TASK INSTRUCTIONS — Restate the entries below exactly, and keep all images out of the answer.

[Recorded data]
■ ■ ■ ■ ■

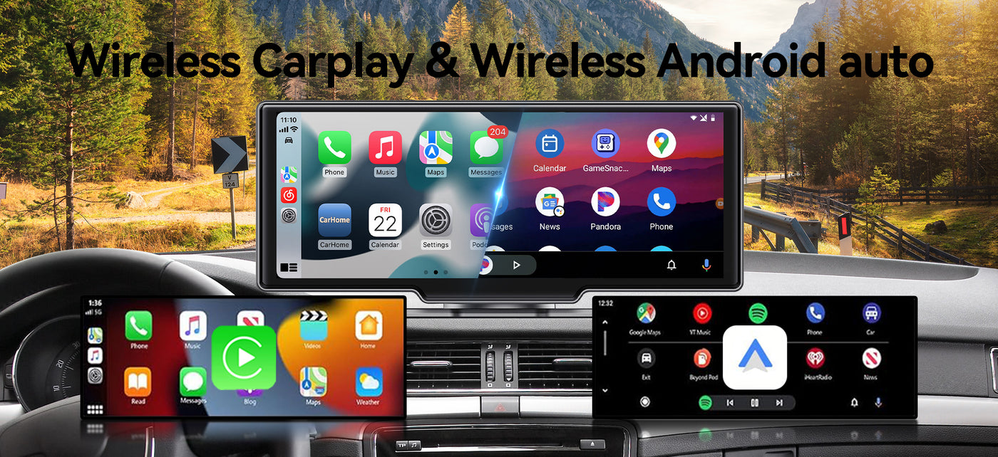 - 【Wireless Apple CarPlay & Android Auto】 This carplay screen for car is fully compatible with Apple CarPlay & Android Auto. Connect your smartphone via Bluetooth and Wi-Fi, access calls, maps, apps, AUX, speakers, and GPS navigation with ease. Voice control via Siri or Google Assistant allows you to make hands-free calls, play music, navigate maps, and read messages, offering a safer and more convenient driving experience.
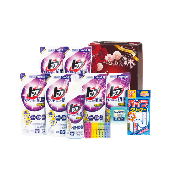 トップクリアリキッド抗菌(本体450g・詰替350g×6)・NANOX one PRO(10g×2袋)・カラフルピンチ8P・パイプクリーナー(3袋入)
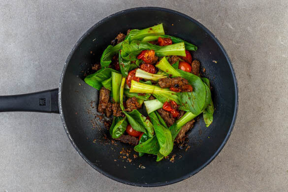 Inzwischen das Strunkende entfernen und die einzelnen Pak-Choi-Blätter voneinander trennen. Den Deckel abnehmen, die Hitze reduzieren und das Sambal Badjak, 1EL Ketchup, das Geschnetzelte und 200ml Wasser einrühren. Den Pak Choi zugeben und bei mittlerer Hitze abgedeckt 2–3Min. garen.
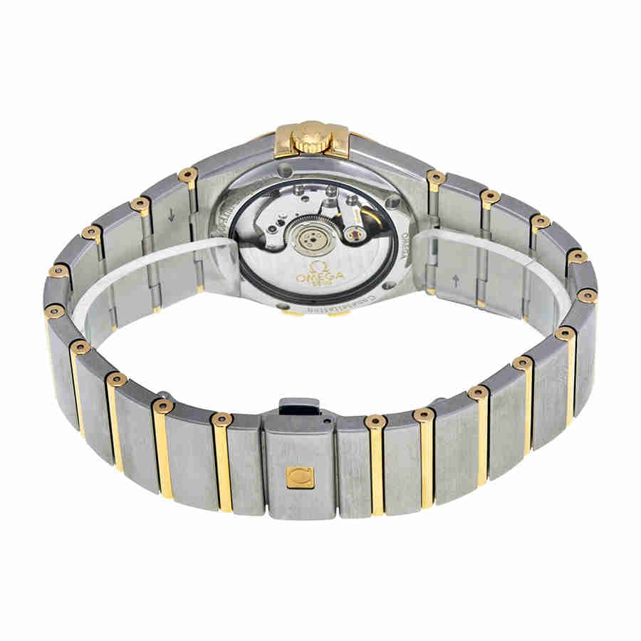 Stainless steel case with a stainless steel bracelet with 18kt yellow gold bars. Fixed 18kt yellow gold bezel. Champagne dial with luminous yellow gold-tone hands and diamonds hour markers. Minute markers around the outer rim. Dial Type: Analog. Luminescent hands. Date display at the 3 o'clock position. Omega calibre 2500 automatic movement with a 48-hour power reserve. Scratch resistant sapphire crystal. Pull / push crown. Skeleton case back. Round case shape. Case size: 35 mm. Case thickness: 10 mm. Band width: 23 mm. Hidden double push button deployment clasp. Water resistant at 100 meters / 330 feet. Functions: date, hour, minute, second, chronometer. Luxury watch style. Watch label: Swiss Made. Item Variations: 123 20 35 20 58 001, 123-20-35-20-58-001, 123/20/35/20/58/001, 12320352058001. Omega Constellation Champagne Dial Unisex Watch 123.20.35.20.58.001.
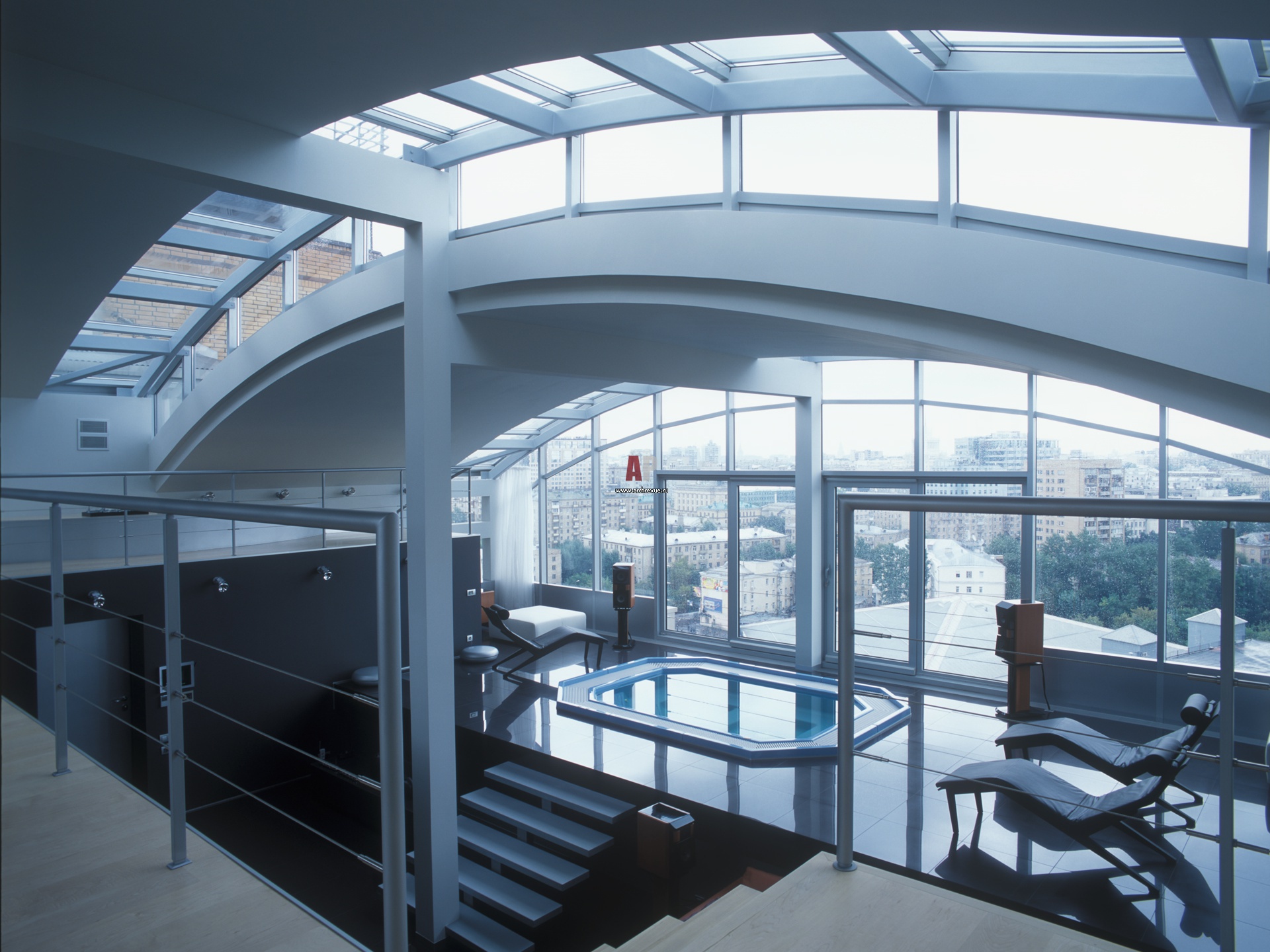 Двухуровневый пентхаус завершает павильон, построенный на крыше дома. Павильон поставлен на самом краю крыши, он опирается на несущие конструкции дома. А так как заказчик любит высоту, экстремальные ощущения, то стену, которая является продолжением стены дома, сделали из стекла.
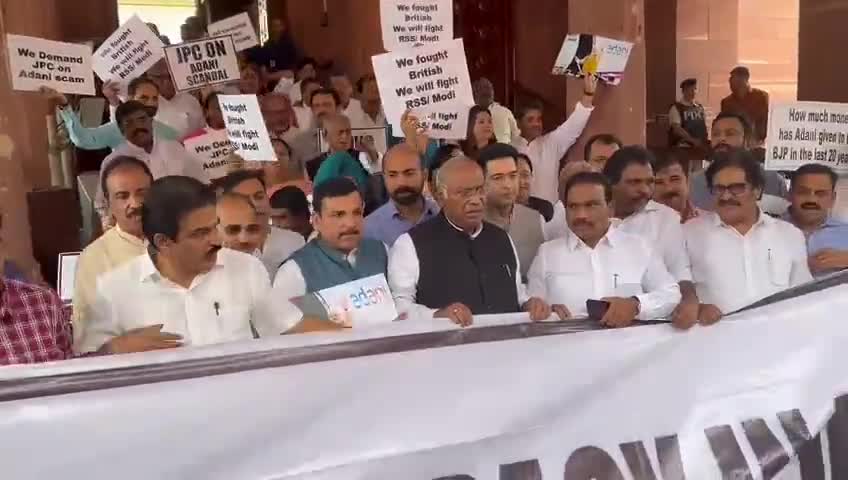 राज्यसभा में विपक्ष के नेता मलिकार्जुन खरगे के साथ विपक्ष के सांसदों का 'मोदी-शाही' के खिलाफ पार्लियामेंट हाउस से विजय चौक तक मार्च।

■ ■ ■ ■ ■

EXERCISE RESPONSE —
 - 【Wireless Apple CarPlay & Android Auto】 This carplay screen for car is fully compatible with Apple CarPlay & Android Auto. Connect your smartphone via Bluetooth and Wi-Fi, access calls, maps, apps, AUX, speakers, and GPS navigation with ease. Voice control via Siri or Google Assistant allows you to make hands-free calls, play music, navigate maps, and read messages, offering a safer and more convenient driving experience.
 トップクリアリキッド抗菌(本体450g・詰替350g×6)・NANOX one PRO(10g×2袋)・カラフルピンチ8P・パイプクリーナー(3袋入)
 Inzwischen das Strunkende entfernen und die einzelnen Pak-Choi-Blätter voneinander trennen. Den Deckel abnehmen, die Hitze reduzieren und das Sambal Badjak, 1EL Ketchup, das Geschnetzelte und 200ml Wasser einrühren. Den Pak Choi zugeben und bei mittlerer Hitze abgedeckt 2–3Min. garen.
 Stainless steel case with a stainless steel bracelet with 18kt yellow gold bars. Fixed 18kt yellow gold bezel. Champagne dial with luminous yellow gold-tone hands and diamonds hour markers. Minute markers around the outer rim. Dial Type: Analog. Luminescent hands. Date display at the 3 o'clock position. Omega calibre 2500 automatic movement with a 48-hour power reserve. Scratch resistant sapphire crystal. Pull / push crown. Skeleton case back. Round case shape. Case size: 35 mm. Case thickness: 10 mm. Band width: 23 mm. Hidden double push button deployment clasp. Water resistant at 100 meters / 330 feet. Functions: date, hour, minute, second, chronometer. Luxury watch style. Watch label: Swiss Made. Item Variations: 123 20 35 20 58 001, 123-20-35-20-58-001, 123/20/35/20/58/001, 12320352058001. Omega Constellation Champagne Dial Unisex Watch 123.20.35.20.58.001.
 Двухуровневый пентхаус завершает павильон, построенный на крыше дома. Павильон поставлен на самом краю крыши, он опирается на несущие конструкции дома. А так как заказчик любит высоту, экстремальные ощущения, то стену, которая является продолжением стены дома, сделали из стекла.
 राज्यसभा में विपक्ष के नेता मलिकार्जुन खरगे के साथ विपक्ष के सांसदों का 'मोदी-शाही' के खिलाफ पार्लियामेंट हाउस से विजय चौक तक मार्च।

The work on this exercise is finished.